• Task requirements: Take the entries below and reproduce exactly the portion that begins at the line containing "鳥の形の中にクロスのデザイン" and ends at the line containing "From Ruby Rd., this", keeping both ends, dropping pictures, and adding nothing else.

########

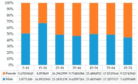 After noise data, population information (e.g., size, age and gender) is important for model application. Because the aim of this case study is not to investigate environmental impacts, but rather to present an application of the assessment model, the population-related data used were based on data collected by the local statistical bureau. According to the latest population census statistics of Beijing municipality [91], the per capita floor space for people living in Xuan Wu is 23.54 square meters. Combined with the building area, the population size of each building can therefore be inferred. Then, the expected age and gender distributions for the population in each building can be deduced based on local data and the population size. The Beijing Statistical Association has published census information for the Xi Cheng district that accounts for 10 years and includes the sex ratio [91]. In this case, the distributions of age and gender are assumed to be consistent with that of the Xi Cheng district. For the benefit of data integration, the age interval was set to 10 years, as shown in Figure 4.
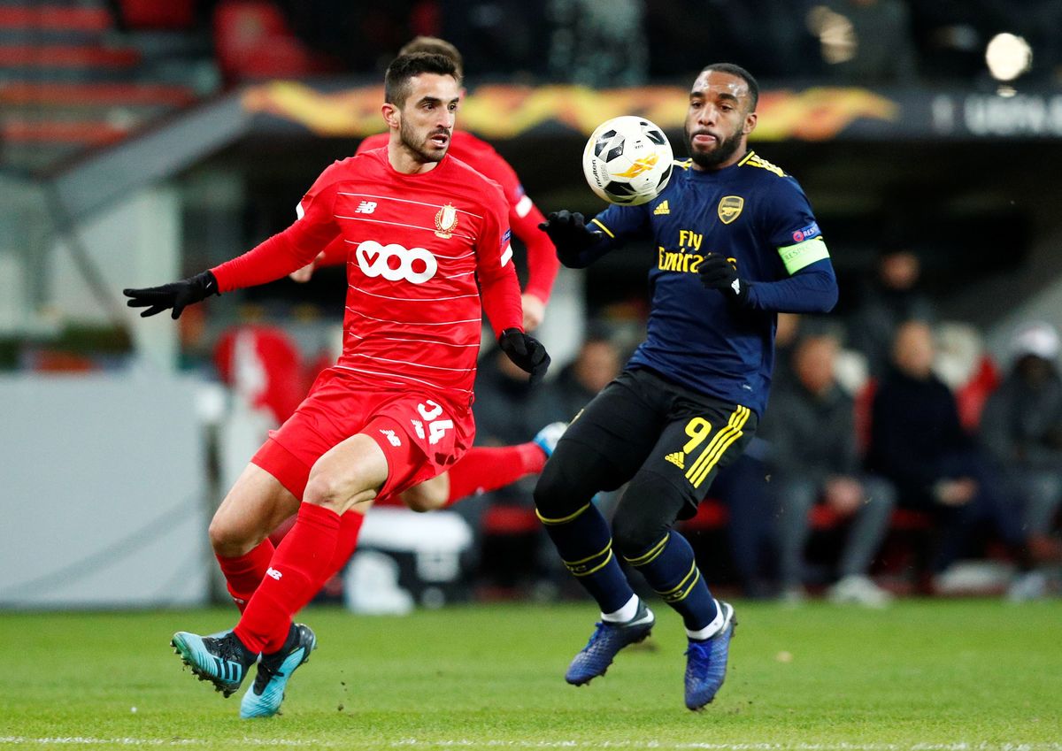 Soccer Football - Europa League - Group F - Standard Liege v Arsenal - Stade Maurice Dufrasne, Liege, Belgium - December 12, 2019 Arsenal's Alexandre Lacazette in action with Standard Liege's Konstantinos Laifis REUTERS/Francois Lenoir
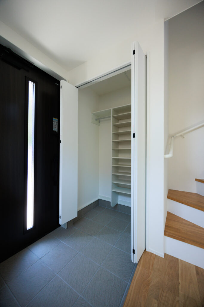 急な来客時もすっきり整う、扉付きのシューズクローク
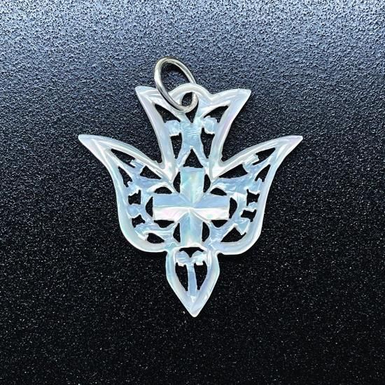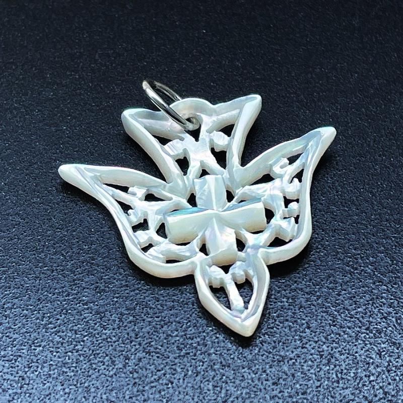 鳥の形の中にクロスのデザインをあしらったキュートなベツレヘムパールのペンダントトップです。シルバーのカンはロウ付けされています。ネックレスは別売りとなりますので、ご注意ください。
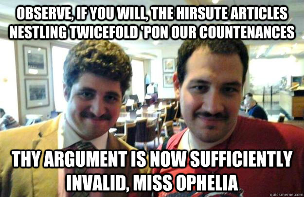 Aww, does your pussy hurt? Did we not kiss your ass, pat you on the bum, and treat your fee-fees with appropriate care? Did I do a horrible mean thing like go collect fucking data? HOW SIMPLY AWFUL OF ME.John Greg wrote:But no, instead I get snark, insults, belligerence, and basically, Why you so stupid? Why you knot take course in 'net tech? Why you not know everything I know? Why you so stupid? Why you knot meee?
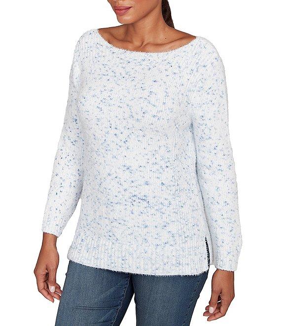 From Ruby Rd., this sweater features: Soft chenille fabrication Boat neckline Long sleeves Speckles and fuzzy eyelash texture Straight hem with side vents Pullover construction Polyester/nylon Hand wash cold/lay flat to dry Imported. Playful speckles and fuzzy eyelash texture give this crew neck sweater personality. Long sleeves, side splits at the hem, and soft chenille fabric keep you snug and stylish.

########

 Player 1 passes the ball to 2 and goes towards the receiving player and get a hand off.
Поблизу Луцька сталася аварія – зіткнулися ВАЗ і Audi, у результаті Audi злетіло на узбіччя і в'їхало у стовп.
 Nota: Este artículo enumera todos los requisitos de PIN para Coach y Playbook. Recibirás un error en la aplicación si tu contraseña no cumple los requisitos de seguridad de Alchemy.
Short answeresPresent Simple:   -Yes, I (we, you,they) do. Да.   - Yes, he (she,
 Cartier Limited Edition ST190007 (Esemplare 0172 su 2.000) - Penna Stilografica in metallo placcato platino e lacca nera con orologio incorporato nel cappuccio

########

• Solved exercise:
 鳥の形の中にクロスのデザインをあしらったキュートなベツレヘムパールのペンダントトップです。シルバーのカンはロウ付けされています。ネックレスは別売りとなりますので、ご注意ください。
 Aww, does your pussy hurt? Did we not kiss your ass, pat you on the bum, and treat your fee-fees with appropriate care? Did I do a horrible mean thing like go collect fucking data? HOW SIMPLY AWFUL OF ME.John Greg wrote:But no, instead I get snark, insults, belligerence, and basically, Why you so stupid? Why you knot take course in 'net tech? Why you not know everything I know? Why you so stupid? Why you knot meee?
 From Ruby Rd., this sweater features: Soft chenille fabrication Boat neckline Long sleeves Speckles and fuzzy eyelash texture Straight hem with side vents Pullover construction Polyester/nylon Hand wash cold/lay flat to dry Imported. Playful speckles and fuzzy eyelash texture give this crew neck sweater personality. Long sleeves, side splits at the hem, and soft chenille fabric keep you snug and stylish.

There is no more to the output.